The COVID-19 pandemic has become a terrible test for the whole world. Even the United States, with its claims to superpower, cannot control the coronavirus. The most interesting thing is that Washington began to prepare for something like this many years ago.
The Foreign Policy publication recalled that, back in 2001, almost immediately after the September 11 attacks, the Pentagon conducted large-scale exercises to combat the consequences of a biological attack against the United States, using smallpox by an unknown enemy. The exercises were called “Dark Winter”.
The action was organized by the Health Safety Center and the Washington Center for Strategic and International Studies (CSIS). The task was to check how the governing bodies will function in the event of a biological war. For natural simulations, not only the military were involved, but also the real ones. policy: Senator Sam Nunn played the role of US President, and Frank Wisner, staff diplomat, was the head of the State Department. The scene was chosen the city of Oklahoma City and its suburbs.
What subjects were subjected to in 2001 is very reminiscent of current events. The “leadership of the country” had to make decisions in the context of a rapidly developing epidemic with a shortage of vaccines and the inability of the health system to adequately respond to challenges.
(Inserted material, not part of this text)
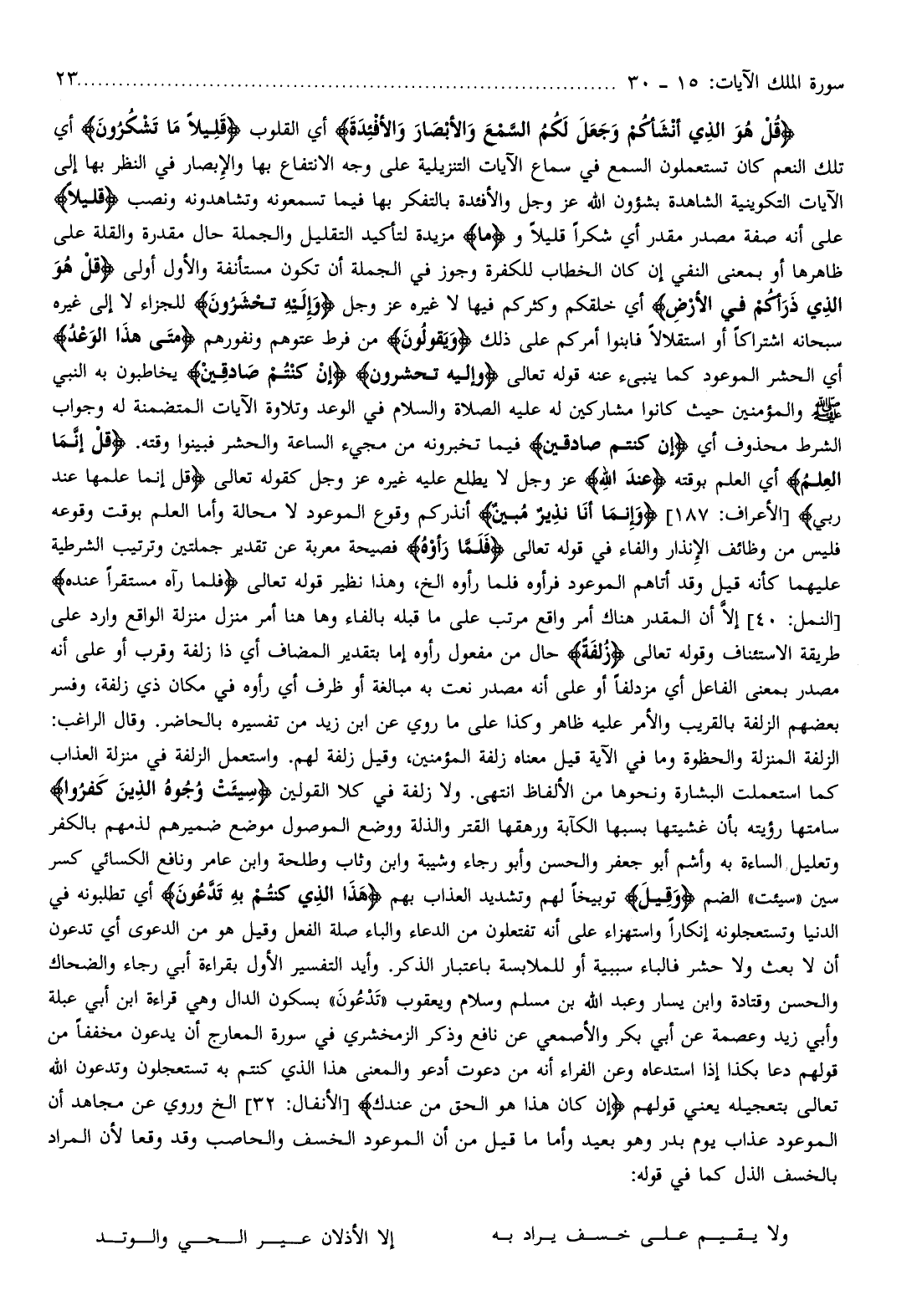 قُلْ هُوَ الَّذِي أَنْشَأَكُمْ وَجَعَلَ لَكُمُ السَّمْعَ وَالْأَبْصارَ وَالْأَفْئِدَةَ أي القلوب قَلِيلًا ما تَشْكُرُونَ أي تلك النعم كان تستعملون السمع في سماع الآيات التنزيلية على وجه الانتفاع بها والإبصار في النظر بها إلى الآيات التكوينية الشاهدة بشؤون الله عز وجل والأفئدة بالتفكر بها فيما تسمعونه وتشاهدونه ونصب قَلِيلًا على أنه صفة مصدر مقدر أي شكرا قليلا وما مزيدة لتأكيد التقليل والجملة حال مقدرة والقلة على ظاهرها أو بمعنى النفي إن كان الخطاب للكفرة وجوز في الجملة أن تكون مستأنفة والأول أولى قُلْ هُوَ الَّذِي ذَرَأَكُمْ فِي الْأَرْضِ أي خلقكم وكثركم فيها لا غيره عز وجل وَإِلَيْهِ تُحْشَرُونَ للجزاء لا إلى غيره سبحانه اشتراكا أو استقلالا فابنوا أمركم على ذلك وَيَقُولُونَ من فرط عتوهم ونفورهم مَتى هذَا الْوَعْدُ أي الحشر الموعود كما ينبىء عنه قوله تعالى وَإِلَيْهِ تُحْشَرُونَ إِنْ كُنْتُمْ صادِقِينَ يخاطبون به النبي صلّى الله عليه وسلم والمؤمنين حيث كانوا مشاركين له عليه الصلاة والسلام في الوعد وتلاوة الآيات المتضمنة له وجواب الشرط محذوف أي إِنْ كُنْتُمْ صادِقِينَ فيما تخبرونه من مجيء الساعة والحشر فبينوا وقته. قُلْ إِنَّمَا الْعِلْمُ أي العلم بوقته عِنْدَ اللَّهِ عز وجل لا يطلع عليه غيره عز وجل كقوله تعالى قُلْ إِنَّما عِلْمُها عِنْدَ رَبِّي [الأعراف: 187] وَإِنَّما أَنَا نَذِيرٌ مُبِينٌ أنذركم وقوع الموعود لا محالة وأما العلم بوقت وقوعه فليس من وظائف الإنذار والفاء في قوله تعالى فَلَمَّا رَأَوْهُ فصيحة معربة عن تقدير جملتين وترتيب الشرطية عليهما كأنه قيل وقد أتاهم الموعود فرأوه فلما رأوه إلخ، وهذا نظير قوله تعالى فَلَمَّا رَآهُ مُسْتَقِرًّا عِنْدَهُ [النمل: 40] إلّا أن المقدر هناك أمر واقع مرتب على ما قبله بالفاء وهاهنا أمر منزل منزلة الواقع وارد على طريقة الاستئناف وقوله تعالى زُلْفَةً حال من مفعول رأوه إما بتقدير المضاف أي ذا زلفة وقرب أو على أنه مصدر بمعنى الفاعل أي مزدلفا أو على أنه مصدر نعت به مبالغة أو ظرف أي رأوه في مكان ذي زلفة، وفسر بعضهم الزلفة بالقريب والأمر عليه ظاهر وكذا على ما روي عن ابن زيد من تفسيره بالحاضر. وقال الراغب:

The situation at the exercises was constantly deteriorating: due to lack of food in stores, the population began to scatter outside the quarantine or riot, and mass protests had to be suppressed by the National Guard.
Exercises to combat the biological attack on the United States ended on the second day. Subsequently, reporting on the results of the simulation, Senator Sam Nunn stated:
It would be much easier for us to cope with the consequences of the terrorist explosion.
The 2001 experiment clearly showed what difficulties the United States of America might face in the event of a pandemic. At the same time, the organizers came to the conclusion that, as such, a biological attack will not create a threat to the integrity of the state. Andrew Lakoff, a professor of sociology at the University of Southern California, who studied Dark Winter and its influence, stated:
Dark Winter was an exercise designed to push the system to failure in order to learn about its vulnerabilities. The lessons of the "Dark Winter" formed a policy of biological preparedness for the next 10 years.
The results of the simulation were reported to the administration of President George W. Bush and to the US Congress.